文言文阅读魏郑公谏止唐太宗封(《魏征谏太宗》文言文)
1.《魏征谏太宗》文言文
臣闻求木之长者,必固其根本〔1〕;欲流之远者〔2〕,必浚其泉源〔3〕;思国之安者,必积其德义。
源不深而望流之远,根不固而求木之长,德不厚而思国之安,臣虽下愚,知其不可,而况于明哲乎?人君当神器之重〔4〕,居域中之大〔5〕,不念居安思危,戒奢以俭〔6〕,斯亦伐根以求木茂,塞源而欲流长也。 凡百元首〔7〕,承天景命〔8〕,善始者实繁,克终者盖寡〔9〕。
岂取之易,守之难乎?盖在殷忧〔10〕,必竭诚以待下;既得志,则纵情以傲物〔11〕。竭诚,则吴越〔12〕为一体;傲物,则骨肉为行路〔13〕。
虽董之以严刑〔14〕,振之以威怒〔15〕,终苟免而不怀仁,貌恭而不心服。怨不在大,可畏惟人,载舟覆舟,所宜深慎。
奔车朽索,其可忽呼?君人者,诚能见可欲,则思知足以自戒;将有作〔16〕,则思知止以安人;念高危,则思谦冲而自牧〔17〕;惧满溢,则思江海下百川〔18〕;乐盘游〔19〕,则思三驱以为度〔20〕;忧懈怠,则思慎始而敬终〔21〕;虑壅蔽,则思虚心以纳下;惧谗邪,则思正身以黜恶〔22〕;恩所加,则思无因喜以谬赏;罚所及,则思无因怒而滥刑。总此十思,宏此九德〔23〕。
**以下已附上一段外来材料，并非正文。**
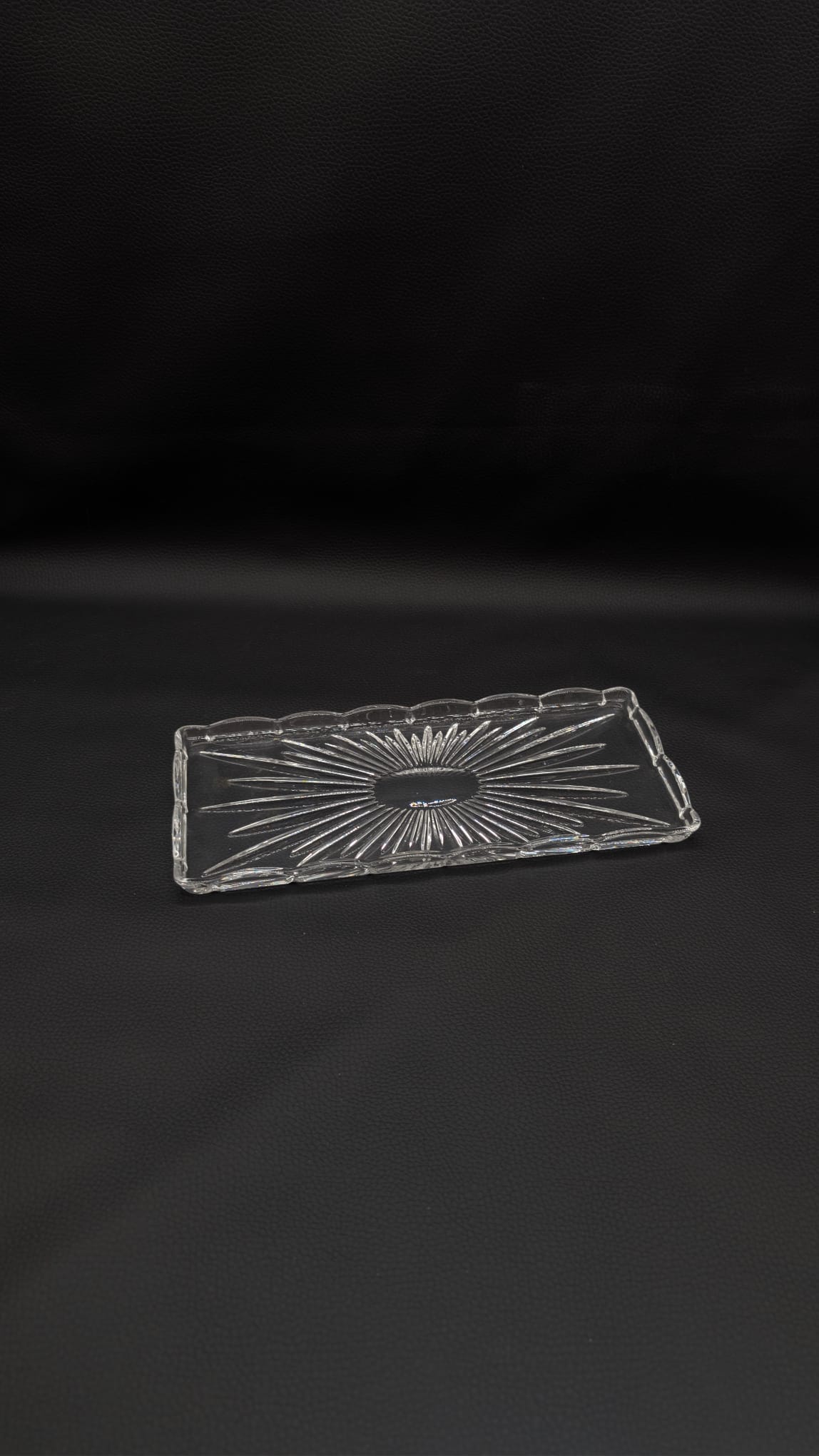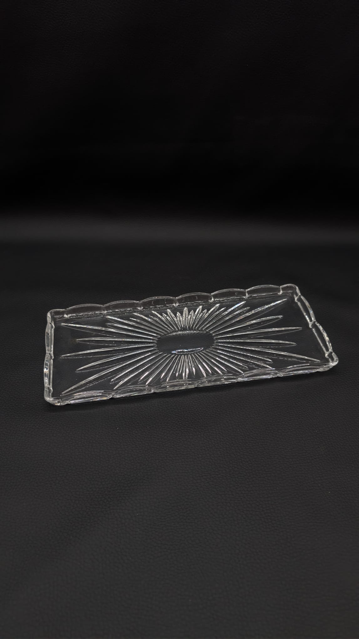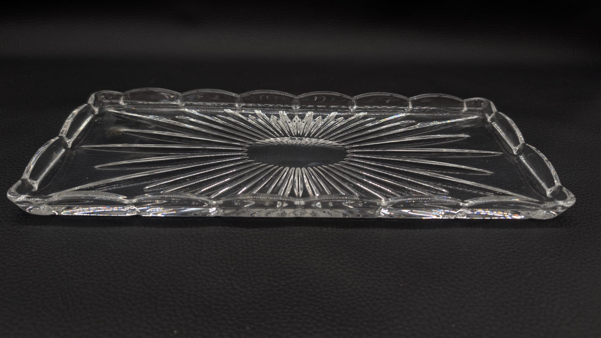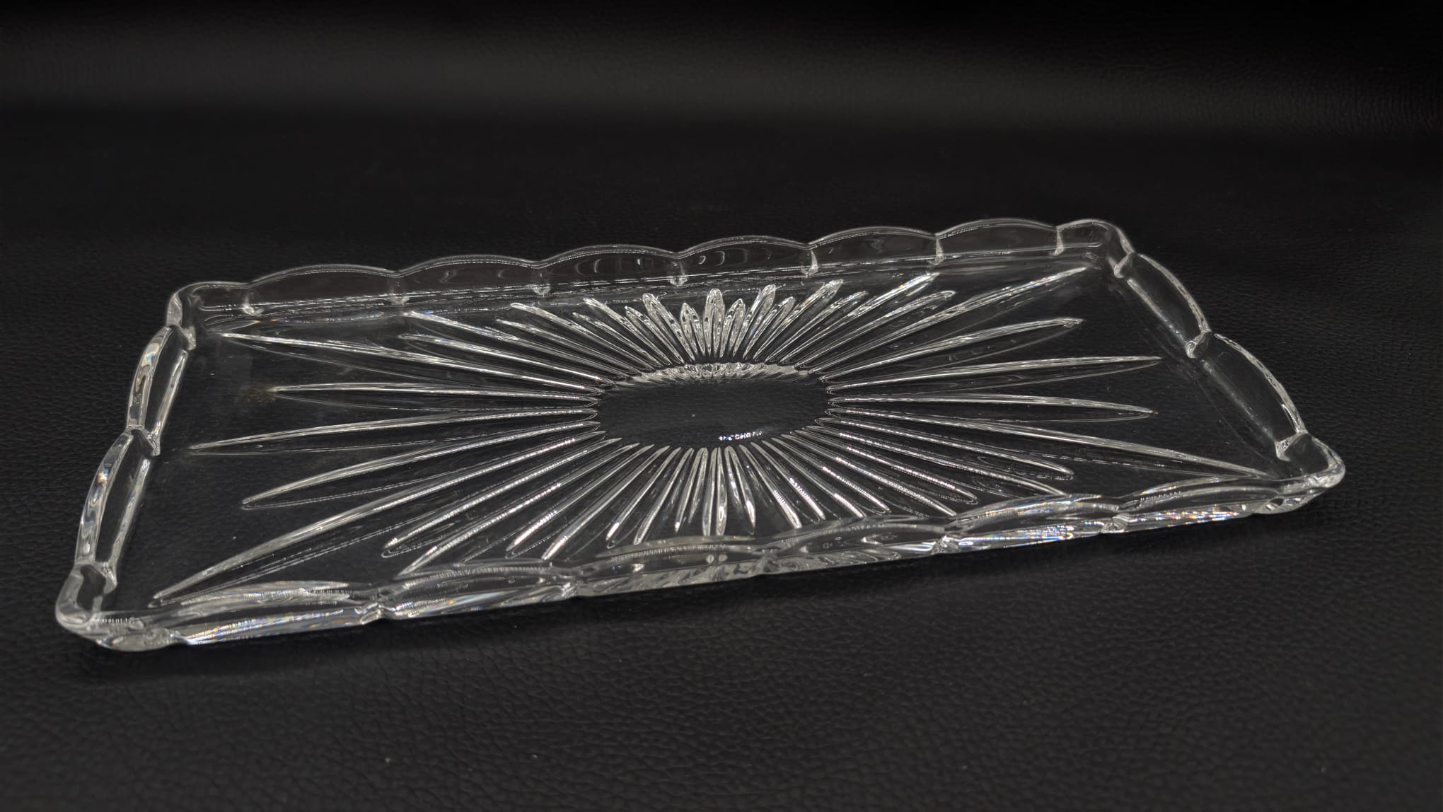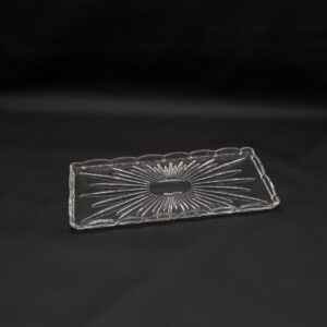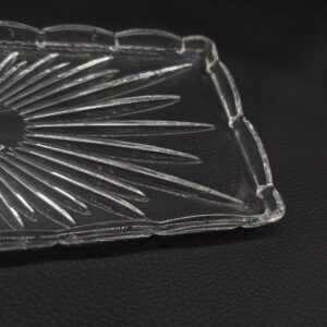 Elegancka, kryształowa taca w stylu vintage. Delikatny wzór promieni nadaje jej niepowtarzalny charakter. Doskonała do serwowania przekąsek lub jako ozdoba na stole. Pomimo upływu czasu, taca zachowała swój blask i jest w dobrym stanie.

简能而任之〔24〕,择善而从之,则智者尽其谋,勇者竭其力,仁者播其惠,信者效其忠〔25〕。文武并用,垂拱而治。
何必劳神苦思,代百司之职役哉!〔26〕 ——选自中华书局标点本《旧唐书·魏征传》【注释】 〔1〕固:使……稳固。〔2〕远:使……流得远。
〔3〕浚:疏通,深挖。〔4〕当:主持,掌握。
〔5〕居域中之大:占据天地间的一大。《老子》上篇:“道大,天大,地大,王亦大。
域中有四大,而王居其一焉。”域中,天地间。
〔6〕以:用,行。〔7〕凡百:所有的。
〔8〕景:大。〔9〕克:能够。
盖:表示不十分肯定的判断。〔10〕盖:承接上文,表示推断原因。
殷:深。〔11〕傲物:看不起别人。
物:这里指自己以外的人。〔12〕吴越:吴国和越国。
〔13〕行路:路人。〔14〕董:督责,监督。
〔15〕振:同“震”,威吓。〔16〕作:兴作,建筑。
指兴建宫室之类。〔17〕谦冲:谦虚。
自牧:自我修养。〔18〕下:居于……之下。
〔19〕盘游:打猎游乐。〔20〕三驱:一年打猎三次。
《礼·王制》:“天子诸侯无事,则岁三田(猎)。” 〔21〕敬:慎。
〔22〕黜:排斥。〔23〕宏:使……光大。
兹:此。九德:指忠、信、敬、刚、柔、和、固、贞、顺。
〔21〕简:选拔。〔25〕信者:诚信的人。
〔26〕百司:百官。唐太宗即位初期,因隋鉴不远,故能励精图治。
随着功业日隆,生活渐加奢靡,“喜闻顺旨之说”,“不悦逆耳之言”。魏征以此为忧,多次上疏切谏,本文是其中的一篇。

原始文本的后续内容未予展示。